- Your instructions: Please reproduce the data exactly and omit the pictures.

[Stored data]
>>>
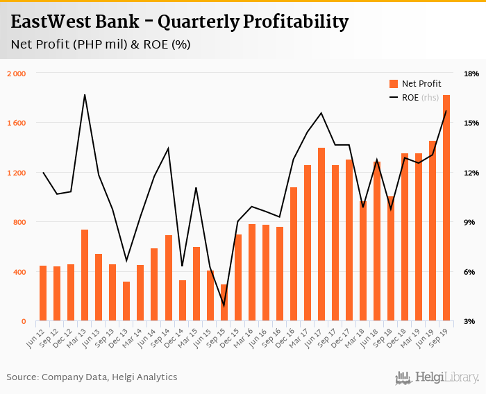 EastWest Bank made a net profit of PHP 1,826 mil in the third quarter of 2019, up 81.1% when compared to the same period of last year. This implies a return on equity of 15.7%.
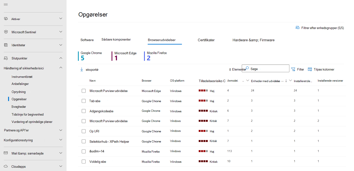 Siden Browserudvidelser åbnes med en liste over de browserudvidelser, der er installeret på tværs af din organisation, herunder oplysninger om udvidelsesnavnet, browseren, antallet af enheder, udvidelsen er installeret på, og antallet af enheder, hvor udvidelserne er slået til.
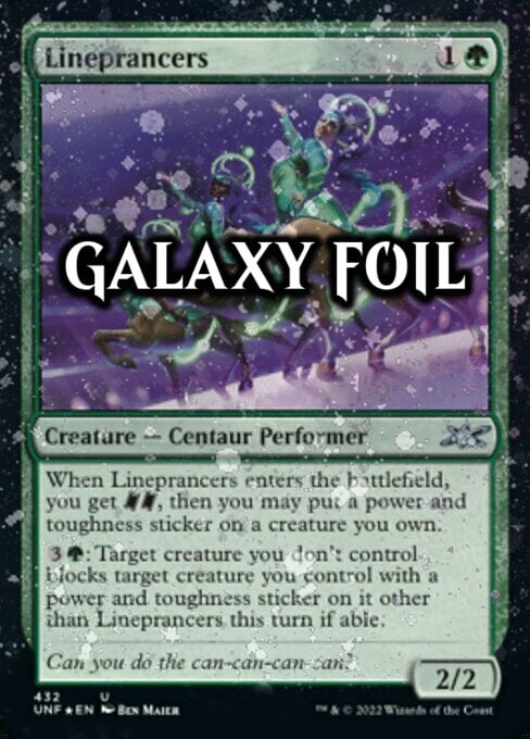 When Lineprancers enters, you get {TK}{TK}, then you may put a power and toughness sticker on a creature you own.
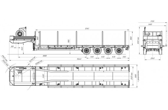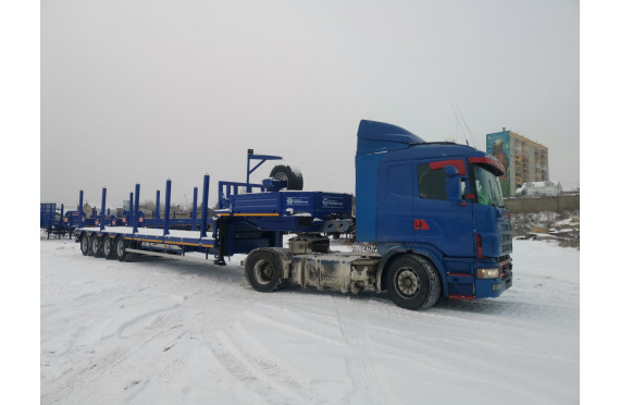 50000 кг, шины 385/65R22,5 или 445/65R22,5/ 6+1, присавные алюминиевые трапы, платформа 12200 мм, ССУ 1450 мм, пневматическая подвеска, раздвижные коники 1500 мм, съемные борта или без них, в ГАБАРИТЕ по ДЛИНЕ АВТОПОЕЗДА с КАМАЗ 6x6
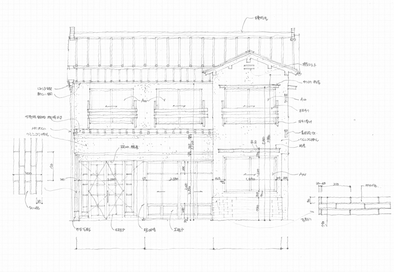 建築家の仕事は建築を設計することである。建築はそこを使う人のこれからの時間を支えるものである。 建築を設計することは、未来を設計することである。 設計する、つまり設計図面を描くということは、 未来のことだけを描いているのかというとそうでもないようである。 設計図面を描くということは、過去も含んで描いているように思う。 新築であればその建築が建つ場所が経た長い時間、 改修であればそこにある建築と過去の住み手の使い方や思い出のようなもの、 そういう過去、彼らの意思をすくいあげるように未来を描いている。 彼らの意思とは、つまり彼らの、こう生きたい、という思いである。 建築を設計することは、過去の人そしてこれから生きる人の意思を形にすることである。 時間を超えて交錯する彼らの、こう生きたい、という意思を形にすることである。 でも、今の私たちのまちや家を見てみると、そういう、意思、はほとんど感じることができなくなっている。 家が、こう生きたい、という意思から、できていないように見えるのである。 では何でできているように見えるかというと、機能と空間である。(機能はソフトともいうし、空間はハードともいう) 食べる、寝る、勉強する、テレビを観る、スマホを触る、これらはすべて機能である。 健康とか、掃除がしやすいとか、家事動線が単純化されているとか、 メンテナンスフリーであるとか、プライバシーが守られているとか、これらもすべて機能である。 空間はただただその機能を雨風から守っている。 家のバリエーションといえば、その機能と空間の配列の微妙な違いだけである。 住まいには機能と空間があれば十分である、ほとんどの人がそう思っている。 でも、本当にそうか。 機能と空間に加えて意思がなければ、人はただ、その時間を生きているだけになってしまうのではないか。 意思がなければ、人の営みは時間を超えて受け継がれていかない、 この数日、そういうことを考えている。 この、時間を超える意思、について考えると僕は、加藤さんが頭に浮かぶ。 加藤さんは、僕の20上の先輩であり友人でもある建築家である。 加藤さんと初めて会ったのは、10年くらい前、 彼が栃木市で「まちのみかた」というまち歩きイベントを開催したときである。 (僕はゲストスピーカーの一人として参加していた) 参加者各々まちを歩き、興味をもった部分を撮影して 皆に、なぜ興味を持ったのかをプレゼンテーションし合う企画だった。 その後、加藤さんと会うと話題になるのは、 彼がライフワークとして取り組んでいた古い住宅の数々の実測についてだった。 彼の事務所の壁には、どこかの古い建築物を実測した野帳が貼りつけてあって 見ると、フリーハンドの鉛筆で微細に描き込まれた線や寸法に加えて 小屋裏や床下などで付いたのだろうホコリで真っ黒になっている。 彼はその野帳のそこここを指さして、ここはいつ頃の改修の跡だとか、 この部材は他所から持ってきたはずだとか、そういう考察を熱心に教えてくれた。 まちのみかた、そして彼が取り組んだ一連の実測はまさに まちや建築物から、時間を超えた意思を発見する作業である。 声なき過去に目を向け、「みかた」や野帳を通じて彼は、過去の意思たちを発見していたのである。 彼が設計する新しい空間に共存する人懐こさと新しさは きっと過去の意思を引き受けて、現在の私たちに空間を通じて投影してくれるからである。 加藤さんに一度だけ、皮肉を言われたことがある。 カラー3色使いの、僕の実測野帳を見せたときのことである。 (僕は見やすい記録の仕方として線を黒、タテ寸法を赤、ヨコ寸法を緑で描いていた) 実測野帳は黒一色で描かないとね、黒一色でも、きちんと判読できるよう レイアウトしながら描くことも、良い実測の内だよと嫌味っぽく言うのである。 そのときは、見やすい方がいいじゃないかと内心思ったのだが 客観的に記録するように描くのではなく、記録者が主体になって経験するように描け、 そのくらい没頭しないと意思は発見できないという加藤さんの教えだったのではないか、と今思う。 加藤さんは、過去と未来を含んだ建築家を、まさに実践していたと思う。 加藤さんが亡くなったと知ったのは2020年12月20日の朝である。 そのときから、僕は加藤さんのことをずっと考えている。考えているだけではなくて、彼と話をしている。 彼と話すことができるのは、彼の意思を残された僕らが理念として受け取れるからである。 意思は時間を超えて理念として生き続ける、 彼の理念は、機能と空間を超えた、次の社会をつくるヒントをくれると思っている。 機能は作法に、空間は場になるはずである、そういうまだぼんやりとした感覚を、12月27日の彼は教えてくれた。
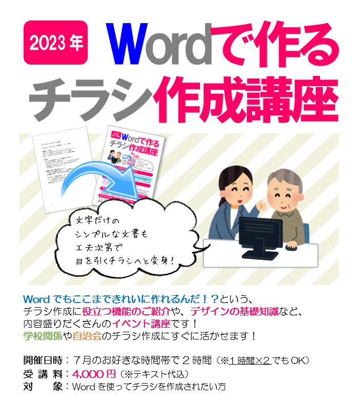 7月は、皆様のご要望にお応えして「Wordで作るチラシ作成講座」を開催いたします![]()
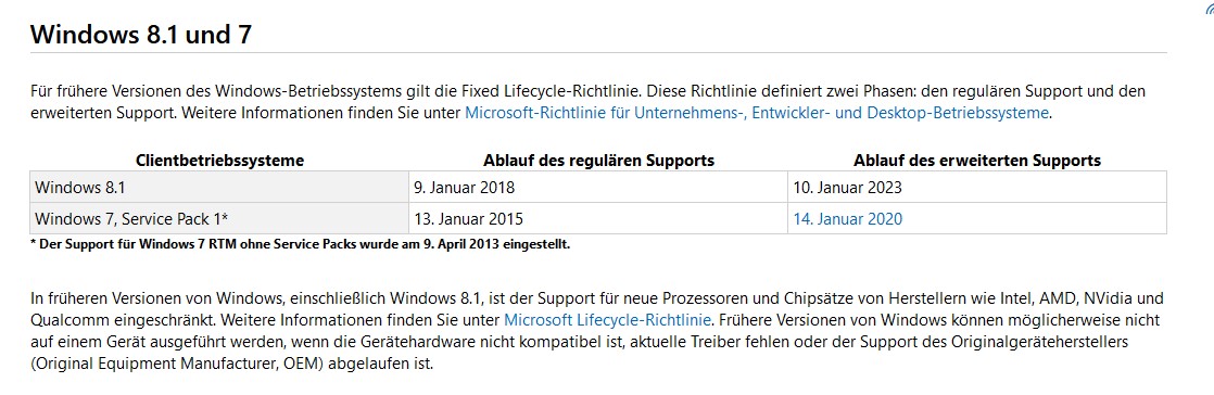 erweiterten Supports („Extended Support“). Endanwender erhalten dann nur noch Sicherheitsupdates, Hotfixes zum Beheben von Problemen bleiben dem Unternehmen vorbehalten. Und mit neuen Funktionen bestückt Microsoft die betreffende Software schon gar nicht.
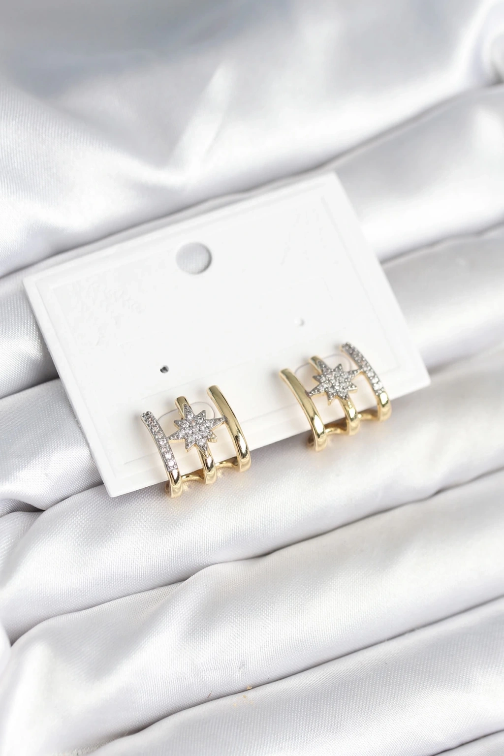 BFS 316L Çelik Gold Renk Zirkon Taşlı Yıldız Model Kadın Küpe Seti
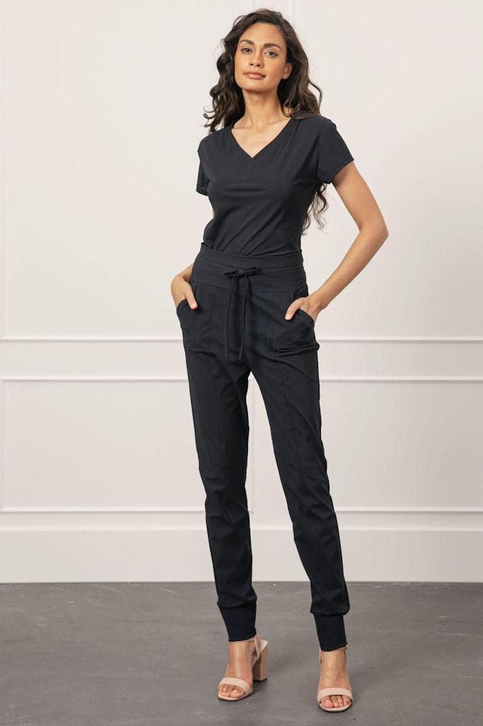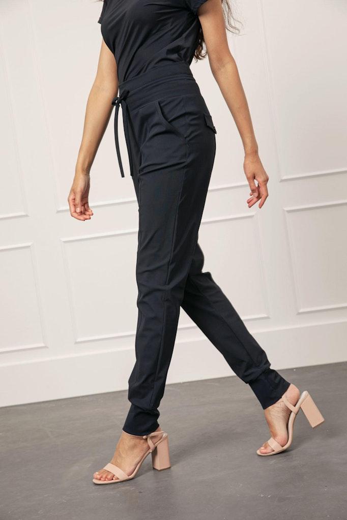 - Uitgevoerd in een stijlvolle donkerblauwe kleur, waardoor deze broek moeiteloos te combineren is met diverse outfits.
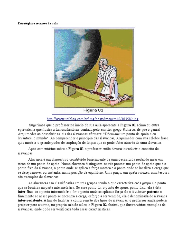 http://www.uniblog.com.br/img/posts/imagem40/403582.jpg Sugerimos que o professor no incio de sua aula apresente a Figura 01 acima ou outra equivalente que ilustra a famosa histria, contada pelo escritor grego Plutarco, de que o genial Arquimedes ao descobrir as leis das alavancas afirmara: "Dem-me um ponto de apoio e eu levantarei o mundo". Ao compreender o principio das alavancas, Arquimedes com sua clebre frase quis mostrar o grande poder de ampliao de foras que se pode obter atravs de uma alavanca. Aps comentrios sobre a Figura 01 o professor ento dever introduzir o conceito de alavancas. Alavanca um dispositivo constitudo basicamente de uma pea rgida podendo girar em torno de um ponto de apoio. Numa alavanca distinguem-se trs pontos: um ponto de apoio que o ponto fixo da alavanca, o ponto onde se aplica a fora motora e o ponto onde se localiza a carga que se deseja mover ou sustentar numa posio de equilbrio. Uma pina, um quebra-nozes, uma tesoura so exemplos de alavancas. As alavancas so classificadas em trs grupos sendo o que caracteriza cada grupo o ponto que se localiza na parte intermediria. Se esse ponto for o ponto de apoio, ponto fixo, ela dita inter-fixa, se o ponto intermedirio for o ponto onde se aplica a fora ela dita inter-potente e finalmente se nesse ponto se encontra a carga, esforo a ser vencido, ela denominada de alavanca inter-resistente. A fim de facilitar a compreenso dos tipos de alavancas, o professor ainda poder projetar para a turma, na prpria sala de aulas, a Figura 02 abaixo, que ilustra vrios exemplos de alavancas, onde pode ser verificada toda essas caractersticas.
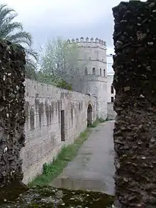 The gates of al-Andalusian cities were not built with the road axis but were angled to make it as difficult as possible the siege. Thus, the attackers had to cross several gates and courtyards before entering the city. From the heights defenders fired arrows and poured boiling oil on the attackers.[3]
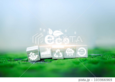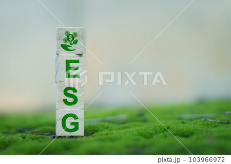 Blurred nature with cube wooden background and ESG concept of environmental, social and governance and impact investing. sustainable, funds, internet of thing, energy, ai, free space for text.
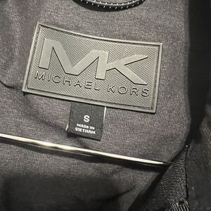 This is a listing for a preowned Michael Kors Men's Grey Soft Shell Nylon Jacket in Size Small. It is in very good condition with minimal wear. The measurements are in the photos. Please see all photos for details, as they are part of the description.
<<<
- Solution below:
 EastWest Bank made a net profit of PHP 1,826 mil in the third quarter of 2019, up 81.1% when compared to the same period of last year. This implies a return on equity of 15.7%.
 Siden Browserudvidelser åbnes med en liste over de browserudvidelser, der er installeret på tværs af din organisation, herunder oplysninger om udvidelsesnavnet, browseren, antallet af enheder, udvidelsen er installeret på, og antallet af enheder, hvor udvidelserne er slået til.
 When Lineprancers enters, you get {TK}{TK}, then you may put a power and toughness sticker on a creature you own.
 50000 кг, шины 385/65R22,5 или 445/65R22,5/ 6+1, присавные алюминиевые трапы, платформа 12200 мм, ССУ 1450 мм, пневматическая подвеска, раздвижные коники 1500 мм, съемные борта или без них, в ГАБАРИТЕ по ДЛИНЕ АВТОПОЕЗДА с КАМАЗ 6x6
 建築家の仕事は建築を設計することである。建築はそこを使う人のこれからの時間を支えるものである。 建築を設計することは、未来を設計することである。 設計する、つまり設計図面を描くということは、 未来のことだけを描いているのかというとそうでもないようである。 設計図面を描くということは、過去も含んで描いているように思う。 新築であればその建築が建つ場所が経た長い時間、 改修であればそこにある建築と過去の住み手の使い方や思い出のようなもの、 そういう過去、彼らの意思をすくいあげるように未来を描いている。 彼らの意思とは、つまり彼らの、こう生きたい、という思いである。 建築を設計することは、過去の人そしてこれから生きる人の意思を形にすることである。 時間を超えて交錯する彼らの、こう生きたい、という意思を形にすることである。 でも、今の私たちのまちや家を見てみると、そういう、意思、はほとんど感じることができなくなっている。 家が、こう生きたい、という意思から、できていないように見えるのである。 では何でできているように見えるかというと、機能と空間である。(機能はソフトともいうし、空間はハードともいう) 食べる、寝る、勉強する、テレビを観る、スマホを触る、これらはすべて機能である。 健康とか、掃除がしやすいとか、家事動線が単純化されているとか、 メンテナンスフリーであるとか、プライバシーが守られているとか、これらもすべて機能である。 空間はただただその機能を雨風から守っている。 家のバリエーションといえば、その機能と空間の配列の微妙な違いだけである。 住まいには機能と空間があれば十分である、ほとんどの人がそう思っている。 でも、本当にそうか。 機能と空間に加えて意思がなければ、人はただ、その時間を生きているだけになってしまうのではないか。 意思がなければ、人の営みは時間を超えて受け継がれていかない、 この数日、そういうことを考えている。 この、時間を超える意思、について考えると僕は、加藤さんが頭に浮かぶ。 加藤さんは、僕の20上の先輩であり友人でもある建築家である。 加藤さんと初めて会ったのは、10年くらい前、 彼が栃木市で「まちのみかた」というまち歩きイベントを開催したときである。 (僕はゲストスピーカーの一人として参加していた) 参加者各々まちを歩き、興味をもった部分を撮影して 皆に、なぜ興味を持ったのかをプレゼンテーションし合う企画だった。 その後、加藤さんと会うと話題になるのは、 彼がライフワークとして取り組んでいた古い住宅の数々の実測についてだった。 彼の事務所の壁には、どこかの古い建築物を実測した野帳が貼りつけてあって 見ると、フリーハンドの鉛筆で微細に描き込まれた線や寸法に加えて 小屋裏や床下などで付いたのだろうホコリで真っ黒になっている。 彼はその野帳のそこここを指さして、ここはいつ頃の改修の跡だとか、 この部材は他所から持ってきたはずだとか、そういう考察を熱心に教えてくれた。 まちのみかた、そして彼が取り組んだ一連の実測はまさに まちや建築物から、時間を超えた意思を発見する作業である。 声なき過去に目を向け、「みかた」や野帳を通じて彼は、過去の意思たちを発見していたのである。 彼が設計する新しい空間に共存する人懐こさと新しさは きっと過去の意思を引き受けて、現在の私たちに空間を通じて投影してくれるからである。 加藤さんに一度だけ、皮肉を言われたことがある。 カラー3色使いの、僕の実測野帳を見せたときのことである。 (僕は見やすい記録の仕方として線を黒、タテ寸法を赤、ヨコ寸法を緑で描いていた) 実測野帳は黒一色で描かないとね、黒一色でも、きちんと判読できるよう レイアウトしながら描くことも、良い実測の内だよと嫌味っぽく言うのである。 そのときは、見やすい方がいいじゃないかと内心思ったのだが 客観的に記録するように描くのではなく、記録者が主体になって経験するように描け、 そのくらい没頭しないと意思は発見できないという加藤さんの教えだったのではないか、と今思う。 加藤さんは、過去と未来を含んだ建築家を、まさに実践していたと思う。 加藤さんが亡くなったと知ったのは2020年12月20日の朝である。 そのときから、僕は加藤さんのことをずっと考えている。考えているだけではなくて、彼と話をしている。 彼と話すことができるのは、彼の意思を残された僕らが理念として受け取れるからである。 意思は時間を超えて理念として生き続ける、 彼の理念は、機能と空間を超えた、次の社会をつくるヒントをくれると思っている。 機能は作法に、空間は場になるはずである、そういうまだぼんやりとした感覚を、12月27日の彼は教えてくれた。
 7月は、皆様のご要望にお応えして「Wordで作るチラシ作成講座」を開催いたします![]()
 erweiterten Supports („Extended Support“). Endanwender erhalten dann nur noch Sicherheitsupdates, Hotfixes zum Beheben von Problemen bleiben dem Unternehmen vorbehalten. Und mit neuen Funktionen bestückt Microsoft die betreffende Software schon gar nicht.
 BFS 316L Çelik Gold Renk Zirkon Taşlı Yıldız Model Kadın Küpe Seti
 - Uitgevoerd in een stijlvolle donkerblauwe kleur, waardoor deze broek moeiteloos te combineren is met diverse outfits.
 http://www.uniblog.com.br/img/posts/imagem40/403582.jpg Sugerimos que o professor no incio de sua aula apresente a Figura 01 acima ou outra equivalente que ilustra a famosa histria, contada pelo escritor grego Plutarco, de que o genial Arquimedes ao descobrir as leis das alavancas afirmara: "Dem-me um ponto de apoio e eu levantarei o mundo". Ao compreender o principio das alavancas, Arquimedes com sua clebre frase quis mostrar o grande poder de ampliao de foras que se pode obter atravs de uma alavanca. Aps comentrios sobre a Figura 01 o professor ento dever introduzir o conceito de alavancas. Alavanca um dispositivo constitudo basicamente de uma pea rgida podendo girar em torno de um ponto de apoio. Numa alavanca distinguem-se trs pontos: um ponto de apoio que o ponto fixo da alavanca, o ponto onde se aplica a fora motora e o ponto onde se localiza a carga que se deseja mover ou sustentar numa posio de equilbrio. Uma pina, um quebra-nozes, uma tesoura so exemplos de alavancas. As alavancas so classificadas em trs grupos sendo o que caracteriza cada grupo o ponto que se localiza na parte intermediria. Se esse ponto for o ponto de apoio, ponto fixo, ela dita inter-fixa, se o ponto intermedirio for o ponto onde se aplica a fora ela dita inter-potente e finalmente se nesse ponto se encontra a carga, esforo a ser vencido, ela denominada de alavanca inter-resistente. A fim de facilitar a compreenso dos tipos de alavancas, o professor ainda poder projetar para a turma, na prpria sala de aulas, a Figura 02 abaixo, que ilustra vrios exemplos de alavancas, onde pode ser verificada toda essas caractersticas.
 The gates of al-Andalusian cities were not built with the road axis but were angled to make it as difficult as possible the siege. Thus, the attackers had to cross several gates and courtyards before entering the city. From the heights defenders fired arrows and poured boiling oil on the attackers.[3]
 Blurred nature with cube wooden background and ESG concept of environmental, social and governance and impact investing. sustainable, funds, internet of thing, energy, ai, free space for text.
 This is a listing for a preowned Michael Kors Men's Grey Soft Shell Nylon Jacket in Size Small. It is in very good condition with minimal wear. The measurements are in the photos. Please see all photos for details, as they are part of the description.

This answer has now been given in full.